There is a need to raise awareness among oncologists of early signs of cognitive effects, and the potential benefits of dose modification to improve symptoms. Awareness of cognitive changes specific to avapritinib may help the oncologist rule out other etiologies. In light of the long half‐life of avapritinib (~25 hours) [38], dose interruption for 1–2 weeks rather than dose reduction may be preferred for AE management. We recommend dose interruption with or without subsequent reduction at the first sign of any cognitive impairment, including grade 1 events. Avapritinib should be withheld until the event improves or resolves. Treatment may then be resumed at 300 mg or reduced to 200 mg; if needed, avapritinib can be further reduced to 100 mg. However, in patients who experience grade 3 or 4 cognitive effects, avapritinib should be interrupted for a minimum of 14 days and discontinuation should be considered. If resuming treatment is in the best medical interest of the patient owing to the underlying GIST, dosing may be resumed with a dose reduction of 100 mg when the cognitive effect has improved to grade ≤1, or when it has improved to grade 2 in patients who require therapy more urgently.

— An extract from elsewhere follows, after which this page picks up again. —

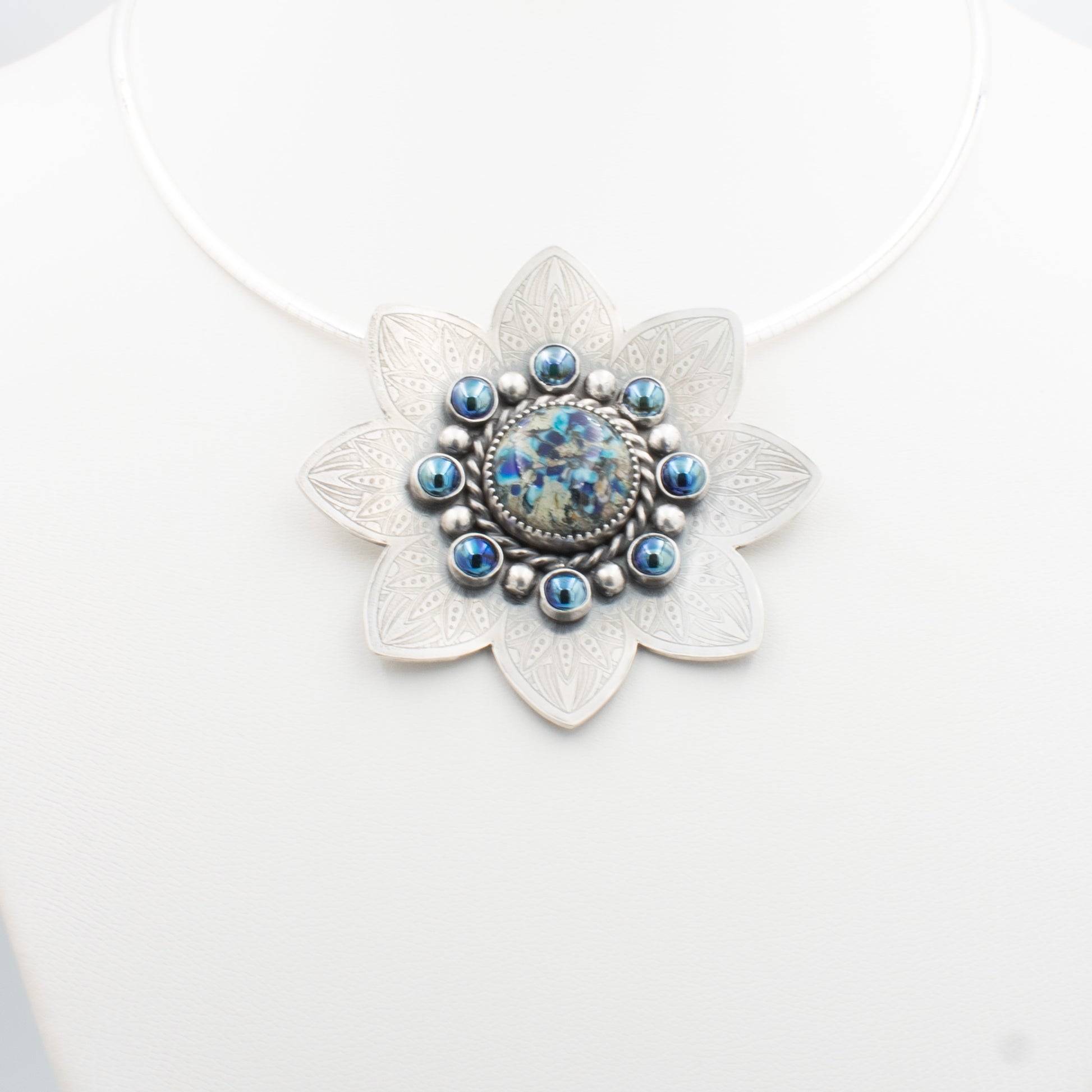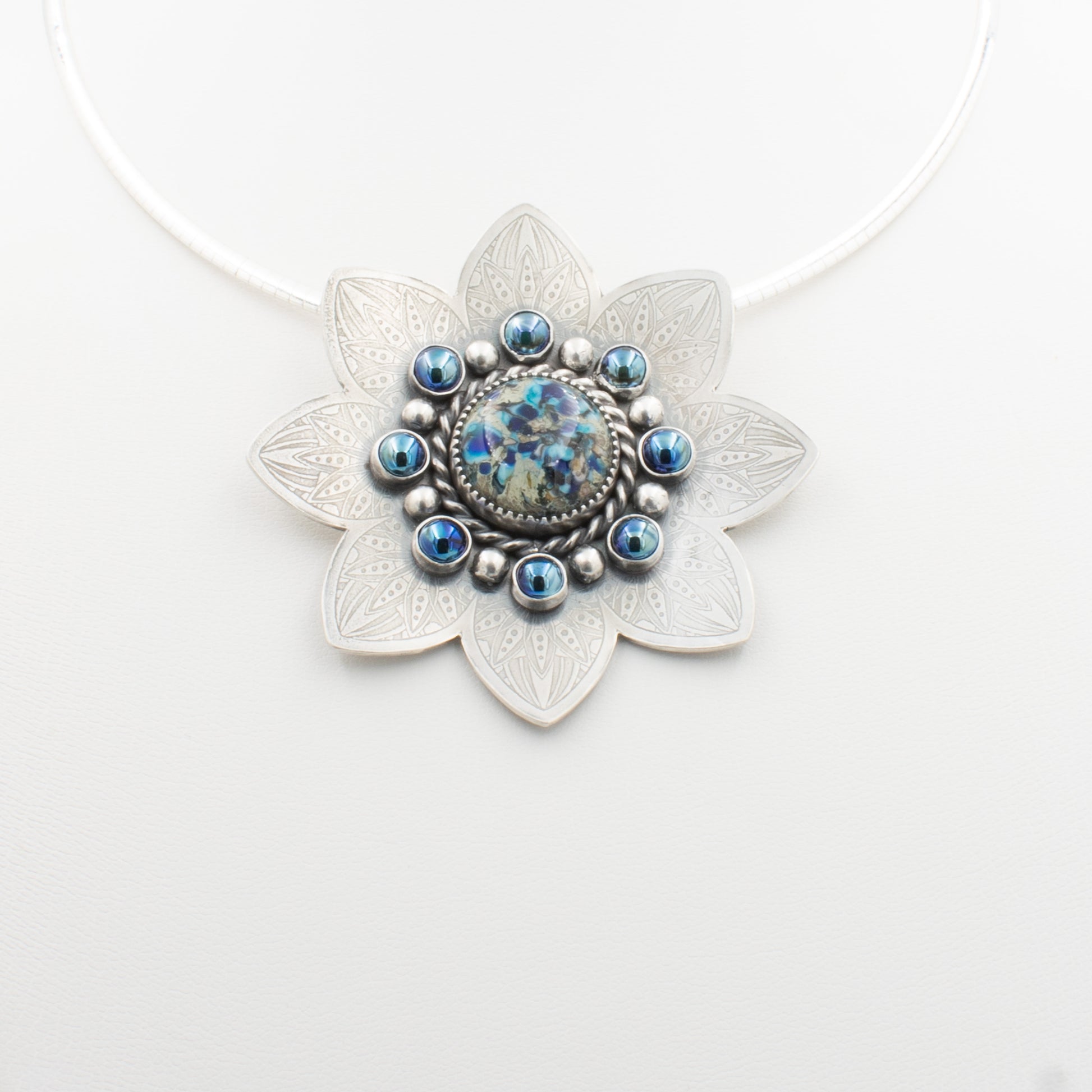 Each piece of my wearable art is hand-fabricated including my one-of-a-kind lampwork glass cabochons. My original designs, are influenced by symbolic mandala patterns which are etched or milled into sterling silver. As the piece comes together I add additional fine or sterling silver elements for balance, texture, and interest.

In this phase I study, ICB occurred in four patients (2.4%) treated with a starting dose of avapritinib 300 mg. Although not all ICBs were considered treatment related, such events could be related to KIT or PDGFRA inhibition, as subdural hematomas have been reported in patients treated with imatinib [39, 40, 41]. In patients with ICB, avapritinib should be interrupted until resolution. In patients who experience grade 1 or 2 ICB, treatment can be resumed at a reduced dose if the benefit/risk assessment favors continued therapy. However, treatment should be permanently discontinued in patients who develop grade ≥3 ICB and in those in whom the event recurs (irrespective of severity) following the resumption of treatment.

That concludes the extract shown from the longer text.